Four kilometres below the surface of the Atlantic Ocean lies the most famous shipwreck in the world.
The Titanic sank on its maiden voyage on April 12, 1912, about 650 kilometres off the coast of Newfoundland.
More than 1,500 passengers and crew died after the supposedly “unsinkable” ocean liner hit an iceberg and sank.
Last year, scientists used sophisticated equipment to take very detailed photographs of the Titanic and the wreck site.
The photos were “stitched together” to provide an incredible visual record of every centimeter of the outside of the ship. Many of the photos will eventually be shown to the public.
Taking the photos was very expensive and risky because the wreck is in very deep and treacherous waters. Special remote cameras were used.
During the expedition more than $110-million worth of objects were brought up to the surface–about 6,000 objects including shoes, fine china and ship’s fittings.
The expedition, which cost at least $4-million, was organized by a company called RMS Titanic Inc.
Now, the company wants to be repaid for the expedition. Last week, a judge looked at the images to help decide how the company should get the money. She had already ruled that the company should be repaid. The images were used to show just how expensive and risky the expedition was—in other words, to prove that the company spent as much money as it says it did.
Some of the images were in 3-D so the judge, lawyers and visitors in the court had to wear 3-D glasses some of the time. Among the images they looked at were of some chain, some wooden items and the Captain Edward Smith’s private bathtub. Captain Smith died when he went down with his ship.
How do you think these images and artifacts will help us gain a better understanding of the Titanic?
Who, if anyone, should repay the company for the expedition?
Do you think this expedition was money well spent?
Read the title of the article, “Judge Looks At New 3-D Image of Titanic.” To understand this title, you need to have some background knowledge of who a judge is, what 3-D means, and what the Titanic is. Pick a friend, parent or teacher and explain how your background knowledge helps you to understand the title of the article.
Before reading the text:
1. Make predictions about what the article might be about.
After reading the text:
1. Were your predictions correct?
2. How did your background knowledge help you to understand the article?
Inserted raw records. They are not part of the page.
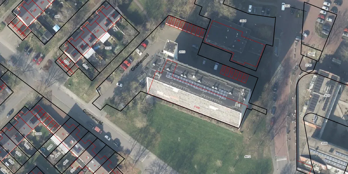 Het perceel waarop Groenewold 58 staat heeft een oppervlakte van 3089 m². Dit is een zeer groot perceel. De perceeloppervlakte wordt geregistreerd door het Kadaster. Gedetailleerde informatie over de maten van dit perceel kunt u vinden in het rapport Kadastrale kaart met maatvoering van Groenewold 58.
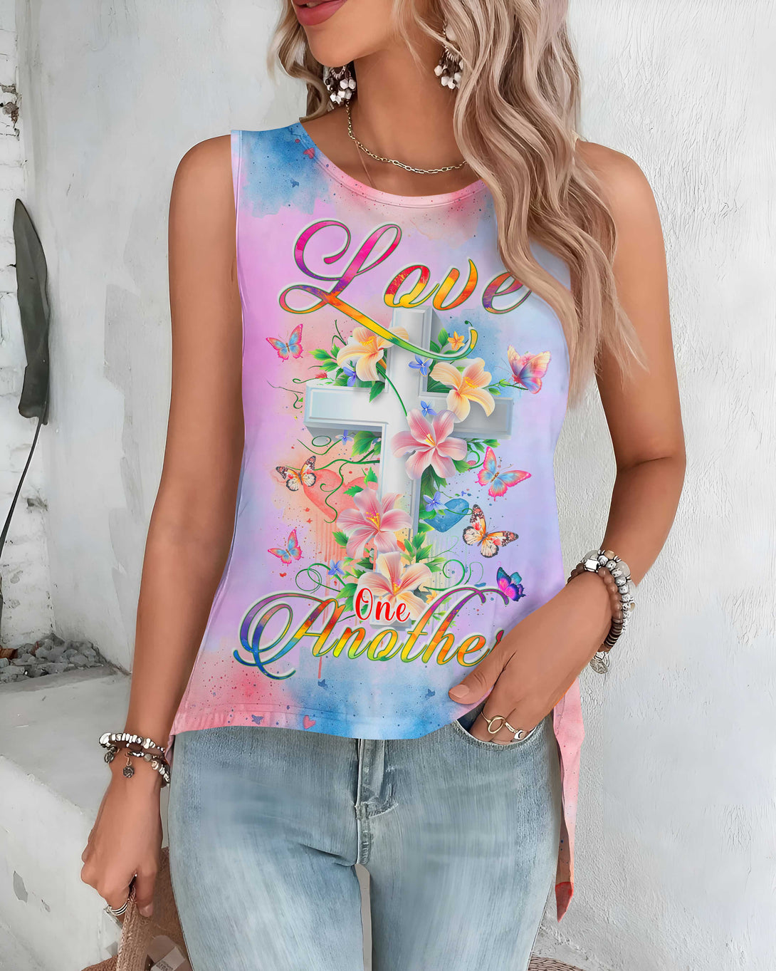 Love One Another All Over Print Cut Out Wrap Back Tank Top
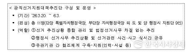 한편, 제주도는 지난 3월 11일 '제9회 전국동시지방선거 공명선거 추진계획'을 수립하고 특별자치행정국장을 단장으로 하는 `공명선거지원대책추진단’을 구성·운영하고 있다.
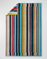 Bath sheet features a striped multicolor chevron pattern Crafted of cotton Approx. 59"L x 39"W Dry clean, professional cleaning recommended Made in Portugal
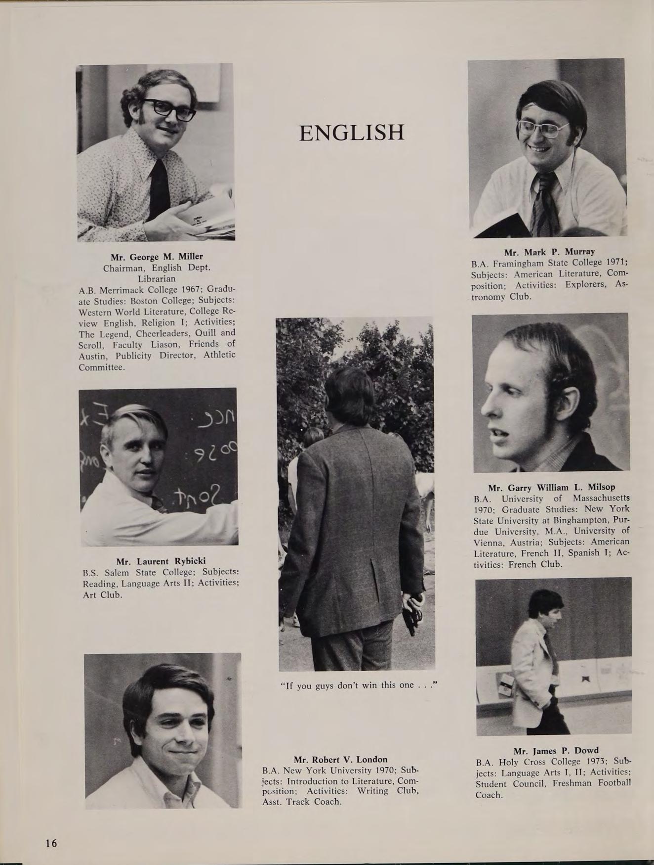 A.B. Salem State College 1966, M.A. Northwestern University 1967; Subjects: U.S. History, American Government, Ancient-Medieval History; Activities: OMEGA, Stamp Club, Commissioner of Intramural Softball and Streethockey.

Identify a variety of reading comprehension strategies and use them appropriately before, during, and after reading to understand texts (OME, Reading: 1.3).
Identify a variety of reading comprehension strategies and use them appropriately before, during, and after reading to understand increasingly complex texts (OME, Reading: 1.3).
Grammar Feature: Writing Numbers
When we write numbers, there are several rules that need to be followed. Four of the rules are:
1. Spell out numbers nine and under (e.g. one)
2. Numbers that are 10 or bigger should be written with numerals (e.g. 21)
3. Dates should be written with numerals (e.g. July 4, 2011)
4. Spell out any number that goes after a number written in numerals (e.g. 200-million)
Find all of the numbers that are written in the text and identify which rule they follow.